Awal keberangkatan dari kota pekanbaru pukul 21.00 Wib. Saya menumpang dengan mobil tranex mandiri tujuan ke Seger "sei geringging" kabupaten pariaman.
Setelah 2,5 jam perjalanan, Saya sampai di pinggir desa harau pukul 01.34 Wib, kamis dini hari. Air mata berlinang, tapi ia tak mau menetes membasahi pipi, karena air mata itu adalah ungkapan kebahagiaan, teringat masa lampau, serasa kisah lama tak akan bisa terulang kembali. Yang saya fikirkan dini hari itu hanyalah "kapankah???, bisa menginjakkan sepatu madrock drivterku di tebing harau yang kata orang adalah surganya para pemanjat". tebing harau yang dijuluki seribu jalur memiliki kenangan bersama mahasiswa pecinta alam dari berbagai daerah.
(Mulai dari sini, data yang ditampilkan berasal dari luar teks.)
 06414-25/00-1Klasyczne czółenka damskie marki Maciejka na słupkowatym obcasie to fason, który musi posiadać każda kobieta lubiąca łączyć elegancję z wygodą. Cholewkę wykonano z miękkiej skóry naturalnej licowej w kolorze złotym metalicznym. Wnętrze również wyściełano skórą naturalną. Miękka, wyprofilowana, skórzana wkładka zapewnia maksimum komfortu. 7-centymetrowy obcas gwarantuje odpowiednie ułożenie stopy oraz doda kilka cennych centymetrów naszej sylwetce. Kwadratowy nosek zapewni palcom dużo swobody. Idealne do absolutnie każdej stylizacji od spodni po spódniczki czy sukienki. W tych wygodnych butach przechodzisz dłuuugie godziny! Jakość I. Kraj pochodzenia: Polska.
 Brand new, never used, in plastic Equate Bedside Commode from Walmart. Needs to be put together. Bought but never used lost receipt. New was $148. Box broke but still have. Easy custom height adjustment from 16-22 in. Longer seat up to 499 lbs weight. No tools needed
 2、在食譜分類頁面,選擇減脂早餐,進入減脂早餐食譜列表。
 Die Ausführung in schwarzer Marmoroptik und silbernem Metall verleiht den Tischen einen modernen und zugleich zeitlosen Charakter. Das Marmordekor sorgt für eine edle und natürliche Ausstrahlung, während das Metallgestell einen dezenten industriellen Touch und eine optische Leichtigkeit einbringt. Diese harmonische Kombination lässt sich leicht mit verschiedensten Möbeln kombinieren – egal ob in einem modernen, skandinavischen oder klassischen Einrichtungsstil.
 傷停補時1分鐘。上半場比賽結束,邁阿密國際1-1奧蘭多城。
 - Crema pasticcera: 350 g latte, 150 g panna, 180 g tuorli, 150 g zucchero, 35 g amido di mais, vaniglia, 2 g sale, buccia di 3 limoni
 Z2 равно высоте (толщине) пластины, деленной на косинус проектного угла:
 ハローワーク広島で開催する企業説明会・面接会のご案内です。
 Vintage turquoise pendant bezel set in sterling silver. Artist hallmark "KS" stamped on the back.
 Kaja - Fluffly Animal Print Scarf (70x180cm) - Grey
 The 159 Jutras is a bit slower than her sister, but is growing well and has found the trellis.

Beberapa teman dari mapala telah kuperkenalkan tentang keindahan tebing harau, mulai dari jalur grade rendah, sampai ke jalur grade paling tinggi menurut versi pemanjat senior di sumatera barat.
Tapi kini saya hanya bisa memperkenalkan tebing harau melalui media elektronik, jejaring sosial dengan meng-entrikan beberapa karakter yang ada di toucscrren android ini.
Dan 1 jam setelah melewati desa harau tersebut, bus tranex mandiri yang saya tumpangi kembali mengingatkanku, akan terjalnya tebing, yang dipenuhi dengan crack-crack tipis, yang membuat ujung-ujung jari merintih kesakitan yaitunya tebing baso.
Tebing baso adalah tebing alam pertama yang pernah ku kenal.
Yang memperkenalkan ku tetang tebing adalah senior di MPA Jamarsingsia STAIN bukittinggi.
Dari sinilah awal mulai menyukai olahraga extream panjat tebing.
Yang memperkenalkan ku tetang tebing adalah senior di MPA Jamarsingsia STAIN bukittinggi.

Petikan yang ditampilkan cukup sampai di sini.